Jesse’s smiling at him, fake-curious. “What’s got you all spun up, JW?” It’s the question of someone who already knows the answer.
Earl stands clenching and unclenching his fists. “I just talked to Jenna and she says you got a call today from that sheriff in Murfee? Is that right?” He looks at me as if I knew it and hadn’t said anything, but Jesse hasn’t breathed the word Murfee since I drove him and T-Bob back from town.
I never even told Earl how Jesse had me circle the place, just staring at it.
“Yeah, when we was up there a few days back, they wanted a way to contact us. You said to be cooperative, right? You said don’t give ’em no reason to come back down here, so I gave ’em Jenna’s number and forgot all about it. But I’ll be damned if one of ’em didn’t call today. I think it was the sheriff himself, leaving a message that he had that warrant for me an’ T-Bob . . . for our damn blood or something. They’d threatened that when we first talked to them and I thought it was all bullshit, but I guess it wasn’t so empty a threat after all. He was polite, though, the way he asked us to come up again to take care of it.”
Earl goes very still, but his neck is tense, his teeth clenched. “So, were you gonna tell me this?”
Jesse takes a long draw on his cigarette before answering, enjoying Earl’s anger. “Well, I was, but I guess I don’t have to now. Goddamn bitch can’t hold her tongue.” He points at his daddy with the cigarette. “You were the one told us to go up there in the first place. You told us to talk to ’em, make nice, and be all helpful. Now look what it got me, more fucking shit. So there’s no cause to be all pissy about it.”
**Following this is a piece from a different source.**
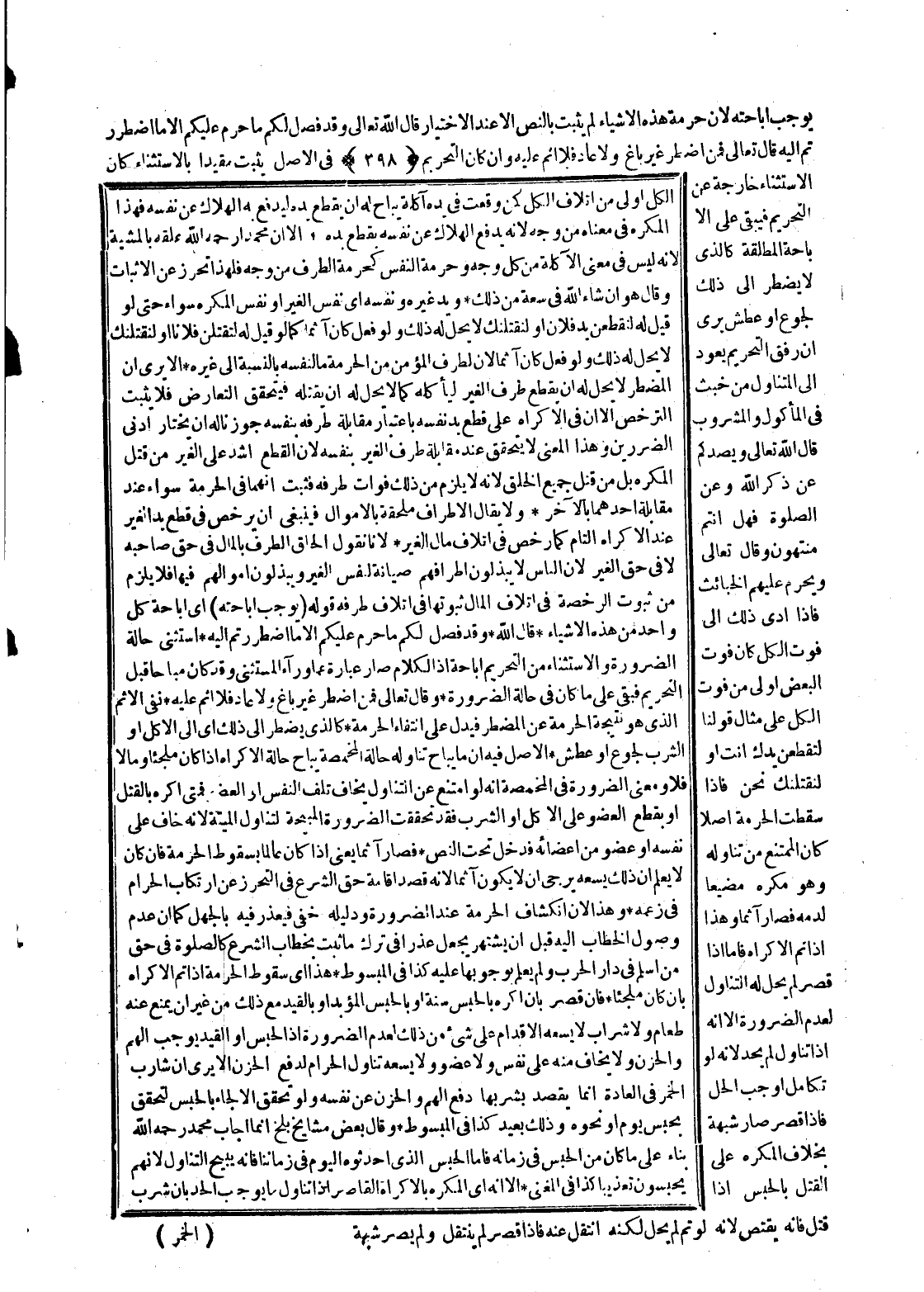 يُوجِبُ إبَاحَتَهُ؛ لِأَنَّ حُرْمَةَ هَذِهِ الْأَشْيَاءِ لَمْ يَثْبُتْ بِالنَّصِّ إلَّا عِنْدَ الِاخْتِيَارِ قَالَ اللَّهُ تَعَالَى {وَقَدْ فَصَّلَ لَكُمْ مَا حَرَّمَ عَلَيْكُمْ إِلا مَا اضْطُرِرْتُمْ إِلَيْهِ} [الأنعام: 119] قَالَ تَعَالَى {فَمَنِ اضْطُرَّ غَيْرَ بَاغٍ وَلا عَادٍ فَلا إِثْمَ عَلَيْهِ} [البقرة: 173] وَإِنْ كَانَ التَّحْرِيمُ فِي الْأَصْلِ يَثْبُتُ مُقَيَّدًا بِالِاسْتِثْنَاءِ كَانَ الِاسْتِثْنَاءُ خَارِجَةً عَنْ التَّحْرِيمِ فَيَبْقَى عَلَى الْإِبَاحَةِ الْمُطْلَقَةِ كَاَلَّذِي لَا يَضْطَرُّ إلَى ذَلِكَ لِجُوعٍ أَوْ عَطَشٍ يَرَى أَنَّ رِفْقَ التَّحْرِيمِ يَعُودُ إلَى الْمُتَنَاوَلِ مِنْ خُبْثٍ فِي الْمَأْكُولِ وَالْمَشْرُوبِ قَالَ اللَّهُ تَعَالَى {وَيَصُدَّكُمْ عَنْ ذِكْرِ اللَّهِ وَعَنِ الصَّلاةِ فَهَلْ أَنْتُمْ مُنْتَهُونَ} [المائدة: 91] .

Earl pops his neck, then his knuckles. “Dammit, boy, it’s what it got us. You know why I said that. The guns and the other shit we got down here, not to mention a houseful of felons and peckerwood ex-cons? It’s not gonna take much to throw me back in, or stir up a shit storm for you and everyone else. You want all that, with your friend Flowers on his way?”
I’m still here, but neither are talking or looking at me anymore. It’s like Earl’s arguing with a younger ghost, the man he used to be. Arguing with himself in a dark mirror.
“Well, first off, you ain’t in no position to call me boy, and haven’t been in a while, Daddy.” Jesse spits the last word and flips his cigarette end over end. “Second, if you are all so worried about it, you don’t have to stay. No one invited you, remember? You just fuckin’ showed up one day, and ain’t none of us was waiting for you. You been dead and gone for twenty years in that hole. You’re only here ’cause I let you be, and ’cause I’m fine with it. But you keep telling me what to do and not do, and I’m not gonna be fine with it much longer.”
Earl smiles, all shark teeth. “That’s right, I forgot, you’re all grown now.”
Jesse smiles back twice as hard. “Have been for a while.”
Earl laughs in his son’s face. “Okay, okay, here’s what’s gonna happen. I’m gonna think on this for a day or so, but I’m guessing you and T-Bob are gonna have to go and do this thing. You’re gonna do it, and then you’re gonna pray when it’s done they don’t find your goddamn blood or whatever it is all over that spic lover you got sideways with—”
Jesse yells, his voice echoing in the emptiness. “We already did it your way. You said it would go away and it hasn’t, so now we’re gonna do it how I want to.”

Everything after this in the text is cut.